Let's be tricksters.


Tuesday, March 19, 2013

The only thing

This blog isn't about my life, it's about my writing, and I try not to proselytize, but sometimes my life and my writing intersect and I can't help myself. So, after reading countless blogs and reports, I'm just going to say this about the incident in Steubenville, with thanks to my friend Kate for boiling it down to its most basic core:

"When you see a human being passed out on a cold concrete floor, alone, all you have to do is pick her up, maybe put her in a chair.
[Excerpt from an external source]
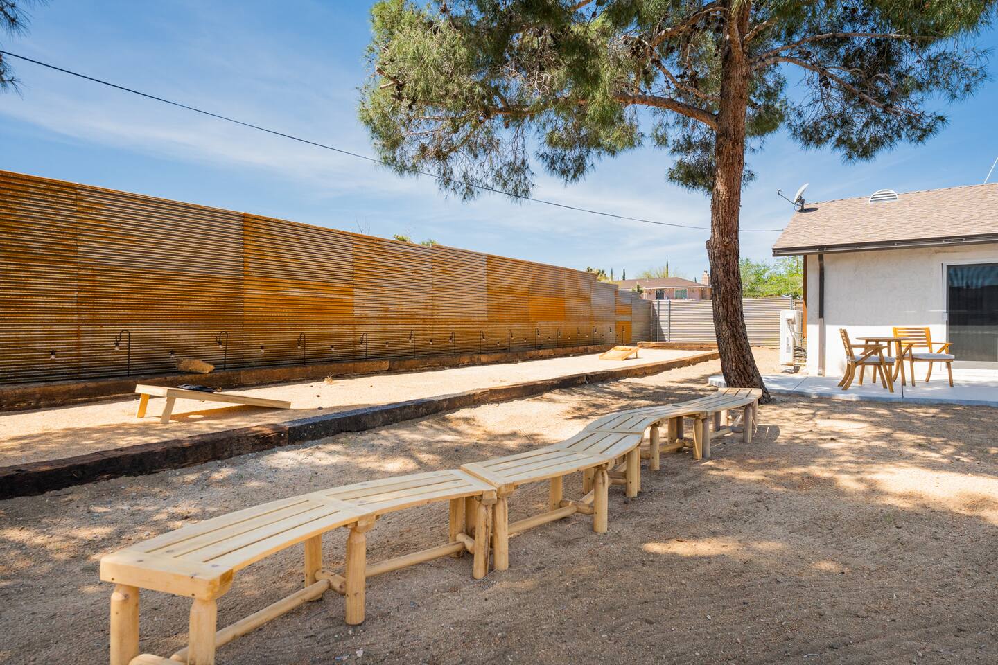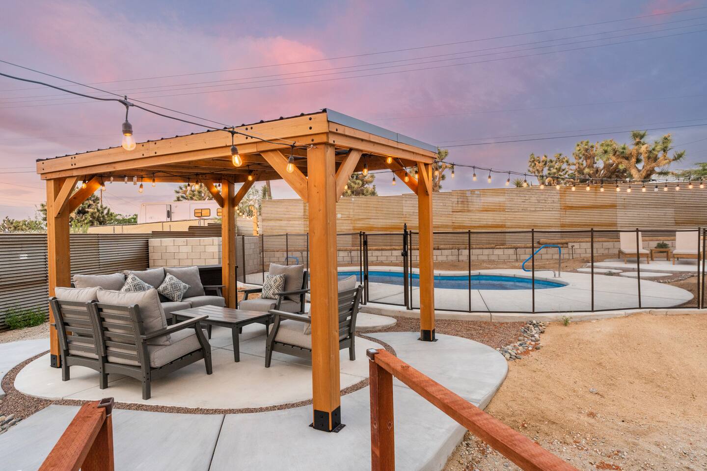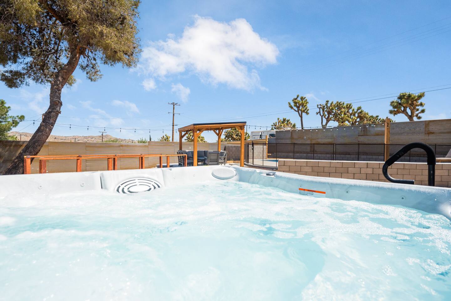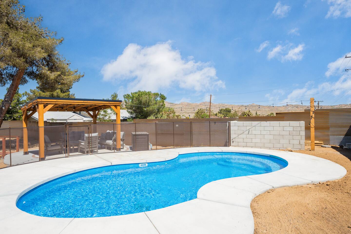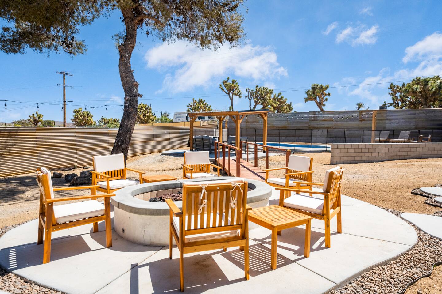 Immerse yourself in the stunning beauty of Joshua Tree National Park. This incredible area features dramatic, rugged landscapes, spectacular rock formations, and the iconic Joshua trees. Explore ancient boulder piles and rock outcroppings, take in gorgeous sunrises and sunsets, and enjoy the peaceful solitude of the desert. Joshua Tree National Park is unforgettable for all ages and a must-see for any nature enthusiast. This lovely three-bedroom house in Yucca Valley is the perfect home away from home for families or groups of up to 8. The house is ideally situated close to Joshua Tree National Park, making it easy to explore the stunning desert landscape. Inside, there’s plenty of space for everyone to relax and enjoy. Three bedrooms provide a cozy retreat for a good night’s sleep, while the in-ground pool, hot tub, game room, movie area, and fire pit ensure there’s something for everyone to do. There’s also a BBQ and cornhole for outdoor fun. You’ll be perfectly positioned to explore: 3 minutes ➔ The Copper Room 5 minutes ➔ Frontier Café & Old Town Yucca Valley 10 minutes ➔ Pappy & Harriet’s 11 minutes ➔ Joshua Tree National Park Visitor Center 12 minutes ➔ La Copine 20 minutes ➔ Integratron 40 minutes ➔ Palm Springs Bedrooms Back bedroom (primary suite): King bed, en-suite bathroom, makeup table, large closet, and TV Middle bedroom: Queen bed, closet, dresser, and TV Front bedroom: Full bed, sofa that unfolds into a full bed, closet, dresser, and TV All TVs in the house are smart TVs where you can log in to your streaming accounts. Living & Kitchen The open-plan living spaces are generously furnished with the essentials you need to make your stay comfortable. The kitchen includes: Microwave Dishwasher Coffee station Counter dining area Breakfast nook The kitchen and living areas are seamlessly combined into one room, giving guests flexibility. Cook a delicious meal while still interacting with family and friends. Game Room & Amenities There is a game room furnished with: Pool table Shuffleboard Picnic-style table Movie-watching area There is also a washer and dryer for your convenience. Highlights include: ⁕ 3 bedrooms with comfy beds plus a pull-out full sofa and twin daybeds in the living room (sleeps up to 8 guests) ⁕ Beautiful in-ground pool with patio for lounging ⁕ Spa for relaxing and stargazing at night ⁕ Large propane fire pit for gathering ⁕ Outdoor dining and seating area ⁕ Game room with pool table, shuffleboard, darts, and movie-watching area ⁕ Pet friendly – up to 2 pups welcome! ⁕ Fully equipped kitchen ⁕ Open floor plan kitchen, dining, and living area ⁕ Reliable and fast WiFi ⁕ Coffee and coffee maker ready for your morning coffee Experiences Rooted in the community, we know the desert well and enjoy sharing it with our guests. Here are some unforgettable ways to experience the area: Immerse yourself in a sound bath at the Integratron or with a local practitioner. Book an in-home massage with a trusted desert therapist. Set out on a private guided hike. Enjoy a custom meal prepared in-home by a private chef. Move and reset with a personal yoga or Pilates session. Discover the night sky on a private stargazing tour under some of California’s darkest skies. Explore canyons and creeks on a private horseback ride. Try cold plunges and wellness sessions with local experts. We’d love to connect you with our favorite local guides and practitioners.
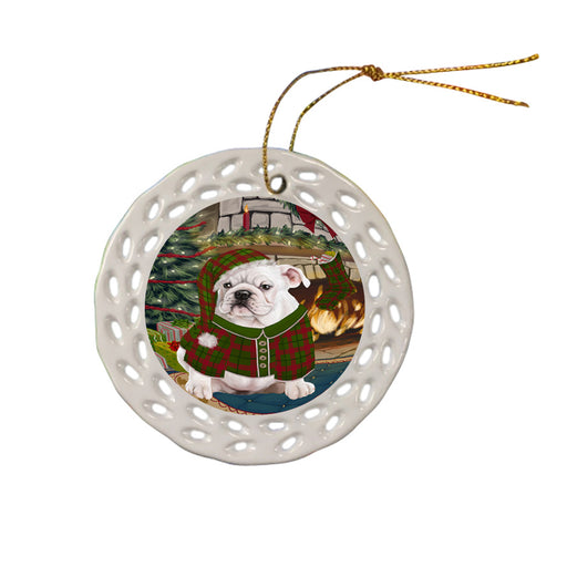 The Stocking was Hung Bulldog Ceramic Doily Ornament DPOR55609

Perhaps, if you are in a really kind mood you could find her phone, dial the number for Home, and let someone know where she is.

What you don't do is rape her.  And then take photos.  And then text the photos to your buddies.  And then make jokes about it.


How did rape ever become an option for how to handle a human being in distress?"

Sunday, February 24, 2013

Insert Futile Existential Rant Here

I'm currently trying to do too many things at once. I'm also a ridiculous, perfectionist, control freak so this juggling act is making me somewhat crazy. At some point I'll be back here playing with form and structure in flash fiction stories of failed romance but I honestly don't know when that will be. À bientôt!